Three. Plausibility is not verification. realized_pnl_usd sounds right. Plenty of trading systems use exactly that name. Mine doesn't. If you're working on a system whose naming conventions you didn't establish, your instincts are worth nothing. Trust the local schema. Trust the grep. Distrust the vibe.

Four. Triage is the discipline, not ceremony. When a check surfaces minor issues, the wrong moves are (a) "it's only a minor, ship it" and (b) "patch everything flagged, keep the review rounds going." Both are uniform deferral. The right move is to distinguish spec-level issues (affects decisions, material) from implementation-level notes (self-correcting, cosmetic), patch the first, annotate the second. This sounds obvious. It is not what I was doing two weeks ago, when every minor got a round trip because "professional means rigorous" gets quietly confused with "professional means exhaustive."

Where I actually am

The fix shipped yesterday. Four bug sites, including one I found during implementation that wasn't in the spec. Seven unit tests, all green. A migration that adds the missing column and backfills 42 closed trades. Another migration that resets the performance baseline so the validation window starts cleanly.

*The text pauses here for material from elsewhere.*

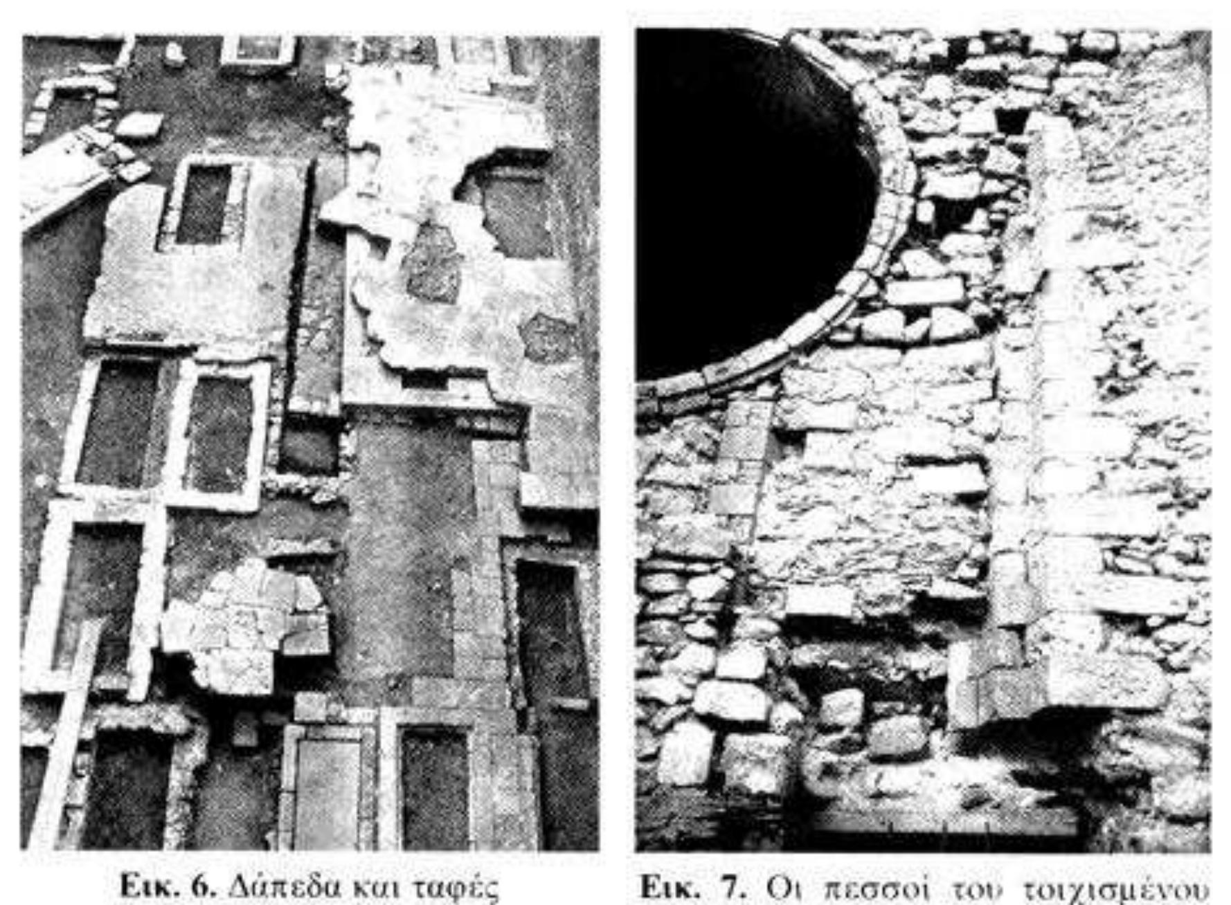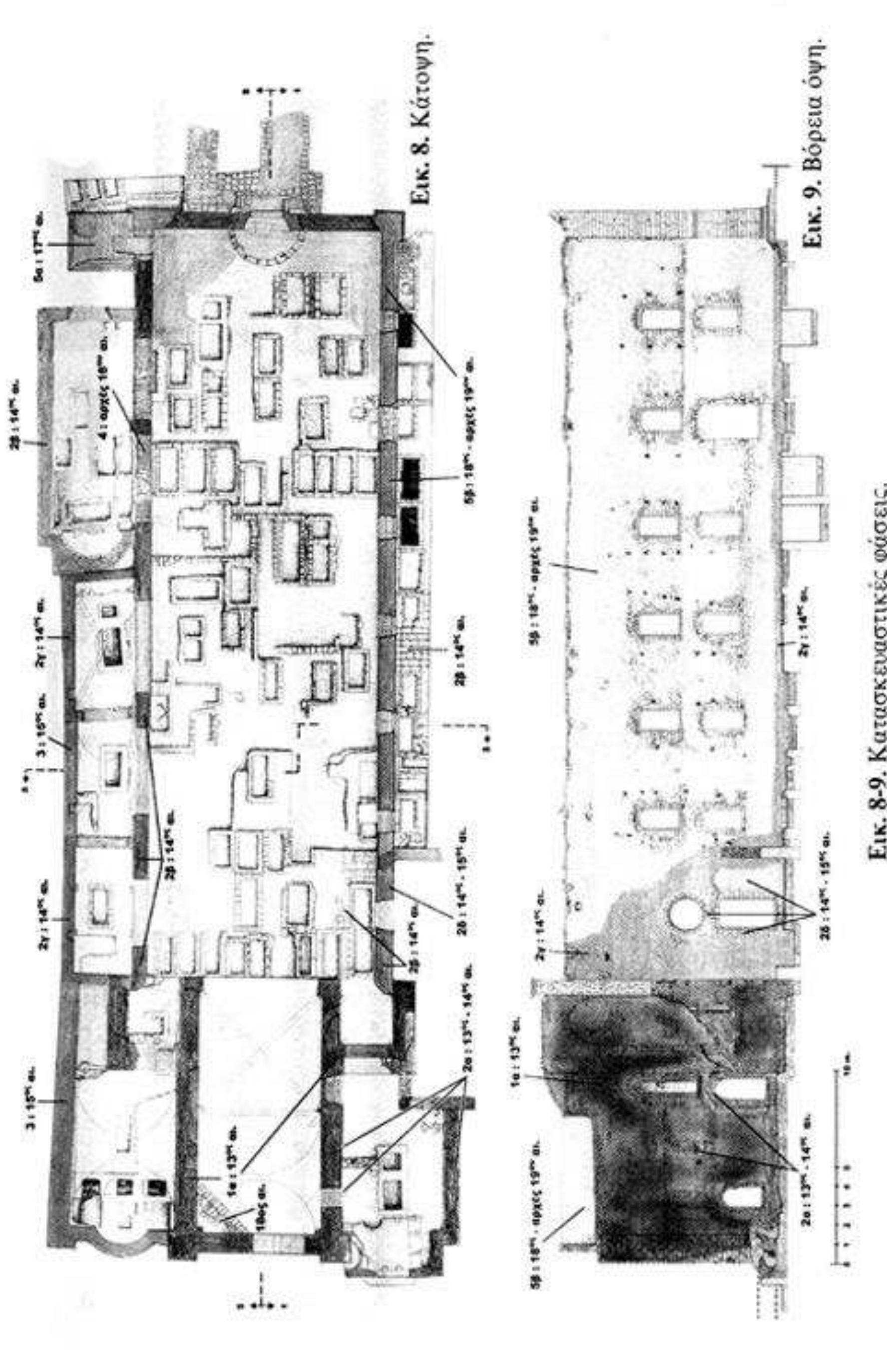 Regarding the domes, characteristic element of middle Byzantine churches, four types can be distinguished for the preserved monuments of the region. Blind arches, with single or double recession, consist a main feature of the exteriors. Their use appears in later examples as well. Brickwork is also abundant, forming a rich façade decoration, especially in the two bath buildings, later transformed into churches. Decorative brickwork, gradually degenerating, has survived as well in later constructions up to 14th century. Remains of external lime mortar plaster verify that rubble surfaces were covered with plaster, engraved to imitate ashlar masonry.

What I'm watching for in the logs is a single line. [TRAIL_ACTIVATED]. Installed specifically because negative observability ("nothing broke") is not the same thing as positive observability ("the fix path ran"). When it emits on a post-migration trade that hit Stage 1 then TP1, the fix is validated. Until then it's a theory. At current volume that sequence fires maybe once a week.

I'll write up whether the publish-time trigger catches anything real, once I have a few more specs' worth of data. For now the interesting thing is that writing the lesson about a verification trap was not enough to avoid the trap. That took rewriting the process so the check fires without anyone remembering to run it.

If you're building something where a single bad assumption can wipe a month of progress — a trading system, a fraud detector, a billing engine, anything with money in the loop — the discipline isn't "be careful." It's "wire the check to a trigger that doesn't care if you're tired."